A trans male, i.e. a male who is trans, would not get a double mastectomy. A trans man, i.e. a man who is trans, and is therefore female, would get a double mastectomy.
Similarly, a trans male needs to have their prostate checked, as they're male. A trans man does not, as they're female and lack a prostate.
This conversation goes best when there is a clear distinction between sex (male/female) and gender (man/woman), and I think your important and valuable reporting on this issue would be that much more helpful if you maintained that distinction.
A plastic surgeon I know made another observation that I think is relevant to this discussion of relative frequencies, and what labels to use. He said that by far, the most common surgery he was called upon to do was breast reduction surgeries for middle-aged women who had a variety of physical problems associated with having very large breasts, including back pain. (Being a small-breasted woman, these problems never even occurred to me. ) This is another whole category to put into the mix. The desire for this surgery has nothing to do with gender dysphoria.
Apart from this addition, I found this a very helpful breakdown of the stats. I am inclined to agree that the obfuscation is deliberate.
The obvious difference is that a double mastectomy removes the breasts’ milk ducts thus preventing their use for their biological purpose. A reduction or augmentation for cosmetic purposes does not prevent the breasts from functioning.
It also often disconnects the nipples. So even if some milk ducts remain, the milk has no way to get out. Prisha Mosley, who recently had a baby and had top surgery as a youth but later detransitioned, has reported that this is extremely painful.

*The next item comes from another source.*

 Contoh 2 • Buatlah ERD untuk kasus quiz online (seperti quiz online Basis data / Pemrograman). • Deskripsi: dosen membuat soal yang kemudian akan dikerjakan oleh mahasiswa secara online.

It is quite common for women who have had breast reductions for cosmetic purposes or other medical concerns i.e. back pain from the weight, skin rashes, to have issues with breastfeeding as a result.

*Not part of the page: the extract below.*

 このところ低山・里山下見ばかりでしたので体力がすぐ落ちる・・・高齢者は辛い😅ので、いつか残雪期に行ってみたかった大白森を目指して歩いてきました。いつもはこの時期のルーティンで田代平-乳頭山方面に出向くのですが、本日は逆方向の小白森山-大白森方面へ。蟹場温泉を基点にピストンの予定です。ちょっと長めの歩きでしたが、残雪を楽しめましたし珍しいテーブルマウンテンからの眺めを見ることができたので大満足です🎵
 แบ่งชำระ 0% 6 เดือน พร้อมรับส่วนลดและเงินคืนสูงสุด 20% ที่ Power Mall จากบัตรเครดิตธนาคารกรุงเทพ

Hey guys is there any good blog post on substat critiquing to yell integrity's project on the cash review
Yale’s “Integrity Project” Is Spreading Misinformation About The Cass Review And Youth Gender Medicine
Part 1 of a two-parter that is not going to increase your faith in highly credentialed experts
https://jessesingal.substack.com/p/yales-integrity-project-is-spreading
Thanks man I have a question will you ever write a book on this topic
These people (Hobbes and Turban and their ilk) deliberately mislead. I’m been trying to convince myself otherwise but I can’t seem to come to any other conclusion.